Problem statement. When you copy from the entries that follow, take only the lines from the one with "- Door een simpele" down to the one with "Лежа на фитболе, возьмитесь", keeping both ends and dropping every picture.

Record extracts.
»»

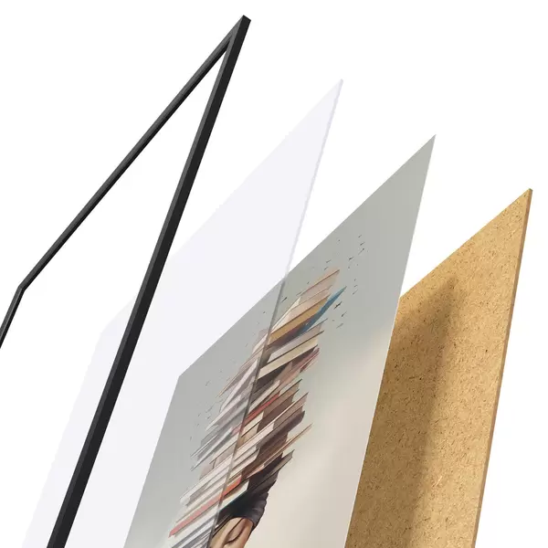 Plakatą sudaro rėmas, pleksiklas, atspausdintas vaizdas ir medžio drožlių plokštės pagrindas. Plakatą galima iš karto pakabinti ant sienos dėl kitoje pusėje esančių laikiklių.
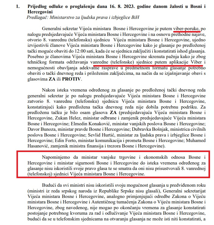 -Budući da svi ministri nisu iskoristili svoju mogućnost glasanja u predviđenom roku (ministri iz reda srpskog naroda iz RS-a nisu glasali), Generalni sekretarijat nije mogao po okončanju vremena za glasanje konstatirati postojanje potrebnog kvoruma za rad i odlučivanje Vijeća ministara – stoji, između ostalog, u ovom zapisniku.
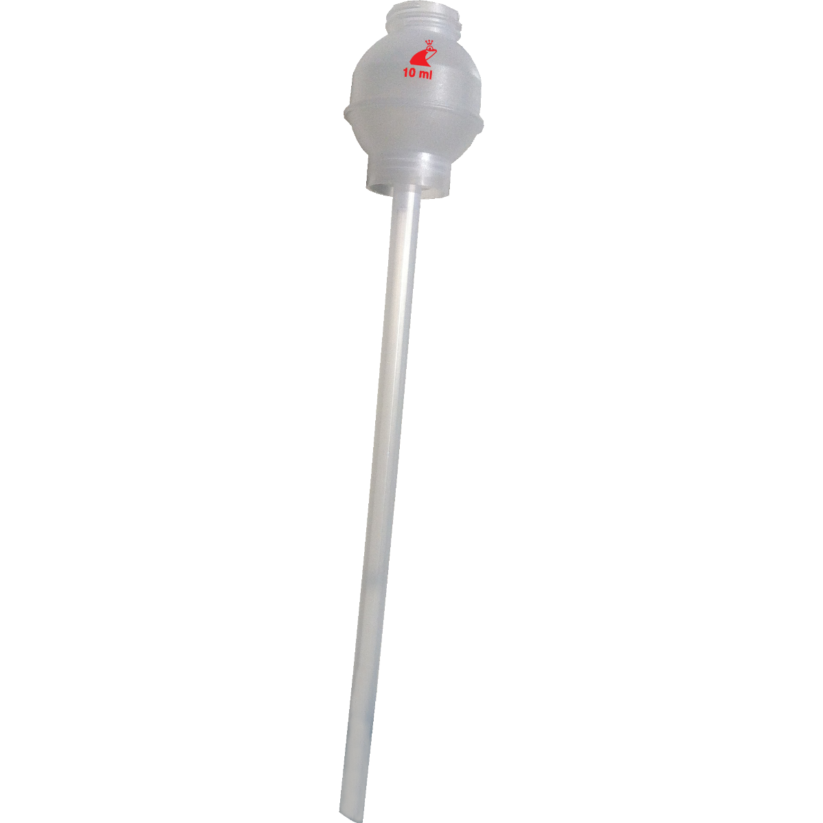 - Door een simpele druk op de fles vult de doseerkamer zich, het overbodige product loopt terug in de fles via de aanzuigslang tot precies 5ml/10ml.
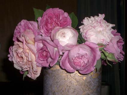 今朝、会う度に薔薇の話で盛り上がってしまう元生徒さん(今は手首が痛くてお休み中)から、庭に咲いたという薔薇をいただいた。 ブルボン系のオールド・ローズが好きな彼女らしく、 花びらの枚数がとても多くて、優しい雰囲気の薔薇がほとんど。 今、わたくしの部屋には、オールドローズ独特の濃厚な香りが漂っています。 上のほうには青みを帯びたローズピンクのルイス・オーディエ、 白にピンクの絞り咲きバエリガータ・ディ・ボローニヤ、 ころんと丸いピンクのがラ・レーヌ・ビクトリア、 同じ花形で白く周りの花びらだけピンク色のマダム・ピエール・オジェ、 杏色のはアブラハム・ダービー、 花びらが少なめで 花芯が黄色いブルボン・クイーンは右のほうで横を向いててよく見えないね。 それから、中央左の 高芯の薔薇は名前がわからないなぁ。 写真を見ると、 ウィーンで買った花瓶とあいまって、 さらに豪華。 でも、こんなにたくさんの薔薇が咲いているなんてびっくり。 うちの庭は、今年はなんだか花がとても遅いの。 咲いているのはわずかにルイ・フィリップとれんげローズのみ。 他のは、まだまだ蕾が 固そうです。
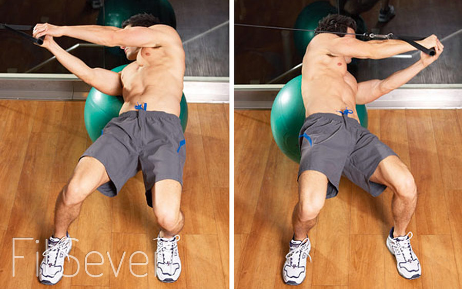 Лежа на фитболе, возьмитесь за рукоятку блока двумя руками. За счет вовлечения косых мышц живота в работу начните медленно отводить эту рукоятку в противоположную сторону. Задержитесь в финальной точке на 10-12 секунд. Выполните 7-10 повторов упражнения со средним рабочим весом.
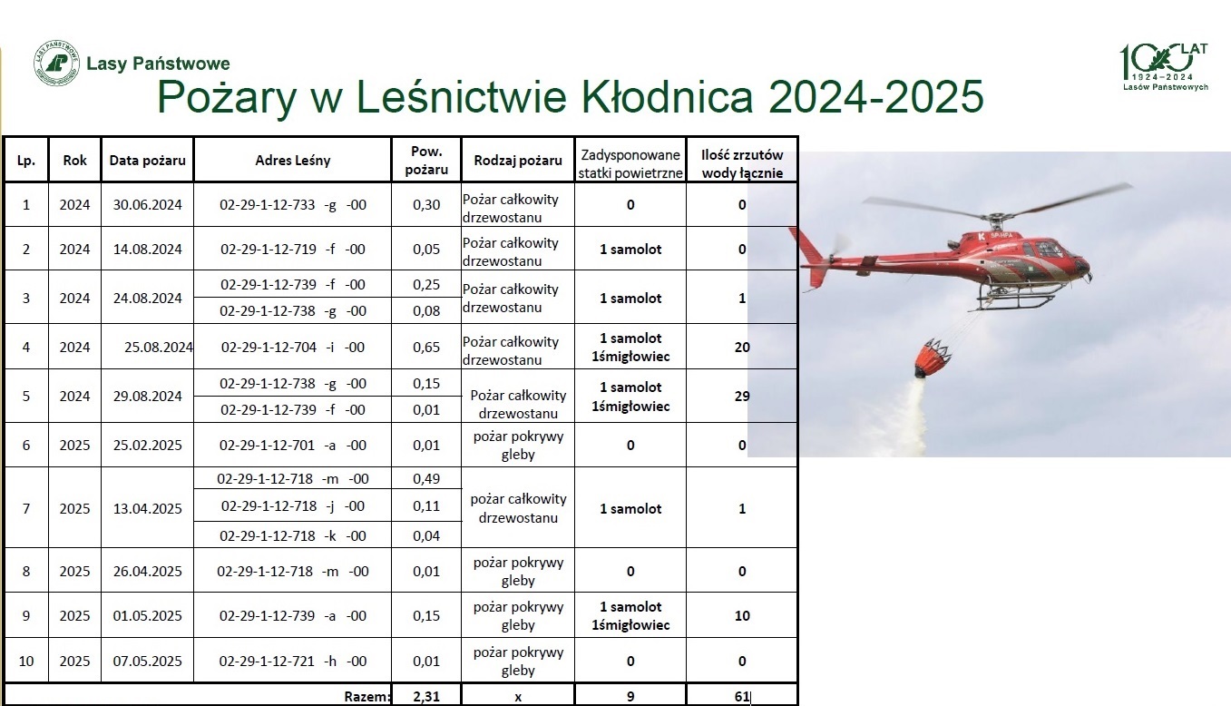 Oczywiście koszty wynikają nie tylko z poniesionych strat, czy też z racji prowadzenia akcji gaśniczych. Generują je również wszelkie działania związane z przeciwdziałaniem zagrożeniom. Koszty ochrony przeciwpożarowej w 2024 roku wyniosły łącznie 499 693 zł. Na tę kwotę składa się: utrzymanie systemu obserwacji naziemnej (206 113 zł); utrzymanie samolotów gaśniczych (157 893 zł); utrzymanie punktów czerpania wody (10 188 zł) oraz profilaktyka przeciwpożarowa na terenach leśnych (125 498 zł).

««
»»

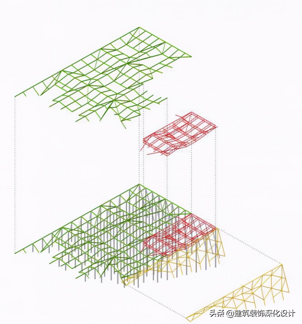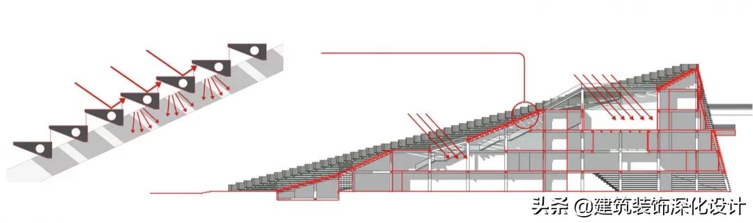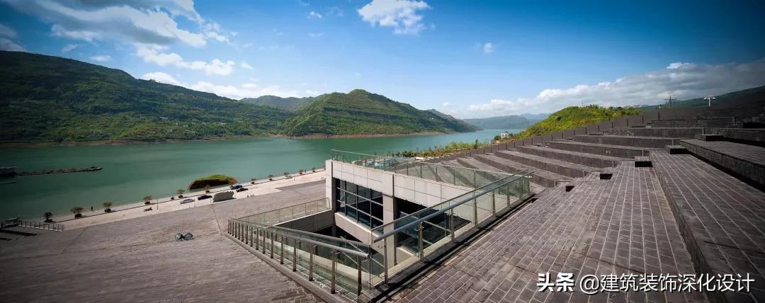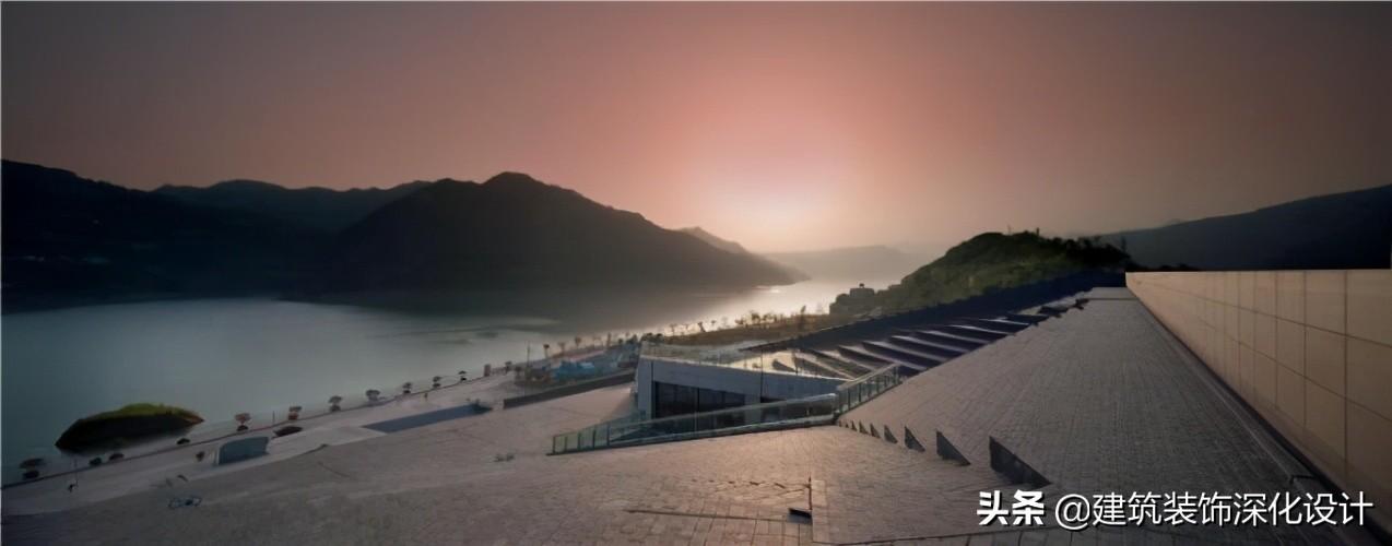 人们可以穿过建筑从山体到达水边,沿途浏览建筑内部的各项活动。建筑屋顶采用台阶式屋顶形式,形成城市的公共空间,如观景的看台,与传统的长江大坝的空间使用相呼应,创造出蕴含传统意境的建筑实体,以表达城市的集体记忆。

««

Response to the task.
 - Door een simpele druk op de fles vult de doseerkamer zich, het overbodige product loopt terug in de fles via de aanzuigslang tot precies 5ml/10ml.
 今朝、会う度に薔薇の話で盛り上がってしまう元生徒さん(今は手首が痛くてお休み中)から、庭に咲いたという薔薇をいただいた。 ブルボン系のオールド・ローズが好きな彼女らしく、 花びらの枚数がとても多くて、優しい雰囲気の薔薇がほとんど。 今、わたくしの部屋には、オールドローズ独特の濃厚な香りが漂っています。 上のほうには青みを帯びたローズピンクのルイス・オーディエ、 白にピンクの絞り咲きバエリガータ・ディ・ボローニヤ、 ころんと丸いピンクのがラ・レーヌ・ビクトリア、 同じ花形で白く周りの花びらだけピンク色のマダム・ピエール・オジェ、 杏色のはアブラハム・ダービー、 花びらが少なめで 花芯が黄色いブルボン・クイーンは右のほうで横を向いててよく見えないね。 それから、中央左の 高芯の薔薇は名前がわからないなぁ。 写真を見ると、 ウィーンで買った花瓶とあいまって、 さらに豪華。 でも、こんなにたくさんの薔薇が咲いているなんてびっくり。 うちの庭は、今年はなんだか花がとても遅いの。 咲いているのはわずかにルイ・フィリップとれんげローズのみ。 他のは、まだまだ蕾が 固そうです。
 Лежа на фитболе, возьмитесь за рукоятку блока двумя руками. За счет вовлечения косых мышц живота в работу начните медленно отводить эту рукоятку в противоположную сторону. Задержитесь в финальной точке на 10-12 секунд. Выполните 7-10 повторов упражнения со средним рабочим весом.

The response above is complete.